Je l'ai perçue féconde et juteuse comme le Brésil, et blonde et gueuse malgré ses sous, et folle comme je les aime, folle à m'avoir fait souffrir quand j'étais fou à force de raison, éprise d'art et de belles lettres et sensible à mon hommitude, mais je suis un grizzly, un grizzly pauvre et pas joli, et je repousse l'instant de la revoir.
Par ailleurs, l'autre soir, maman et moi, on a soupé au Bâton Rouge (Kevin: «Était-ce aussi cher que je l'imaginais?» Moi: «Pire!»). J'ai commandé un combo de poulet et côtes levées, et ma mère m'a dit: «Je vais te prendre une côte. Cette fois, c'est moi qui serai Ève!» Issue de la côte d'Adam, ça va sans dire, mais maman me rappelait aussi que c'était moi qui avait surgi de la sienne. Pour autant qu'il m'en souvienne, je ne l'ai jamais oublié, mais c'était bon de ressentir l'air vif de son esprit.
Puis nous avons parlé de sucre et de métabolisme, cependant que j'attaquais mon repas, une côte en moins. Elle m'a appris que les gênes gouvernent tout, en cette matière, mais malgré son sincère désir de m'instruire, elle n'a pu me livrer qu'une moitié de mes perspectives d'avenir.

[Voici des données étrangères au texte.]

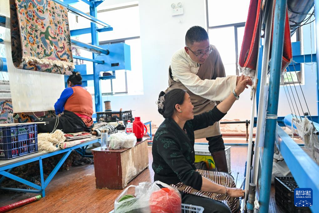 7月18日,江孜藏毯文化發(fā)展有限責任公司的創(chuàng)始人旦增稱來(右上)在生產(chǎn)車間內(nèi)指導員工編織藏毯。新華社記者 李鑫 攝
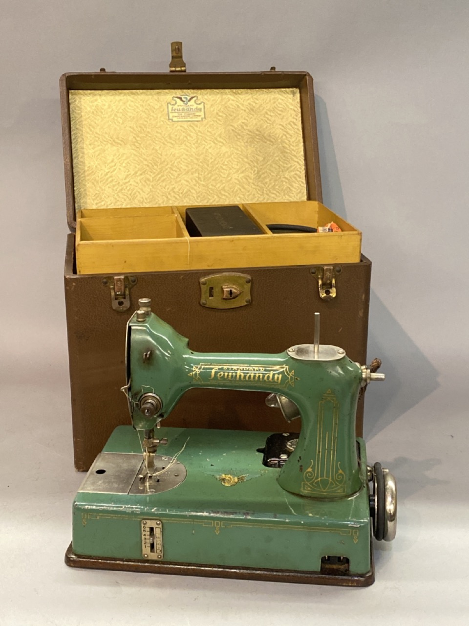 Vintage Standard Sewhandy Sewing Machine By General Electric. Green enamel with case, directions, attachments etc. Dimensions: 9.5” x 12” x 7”

Plus tard, côte à côte, nous regardions/écoutions Gilda supplier son bouffon de paternel de lui parler de sa mère disparue. De lui donner juste son nom. De lui révéler si elle était le fruit de l'amour. Ça semblait très important pour elle. Kevin dit qu'il faut se laisser porter par l'opéra, sans y chercher la moindre apparence de réalité.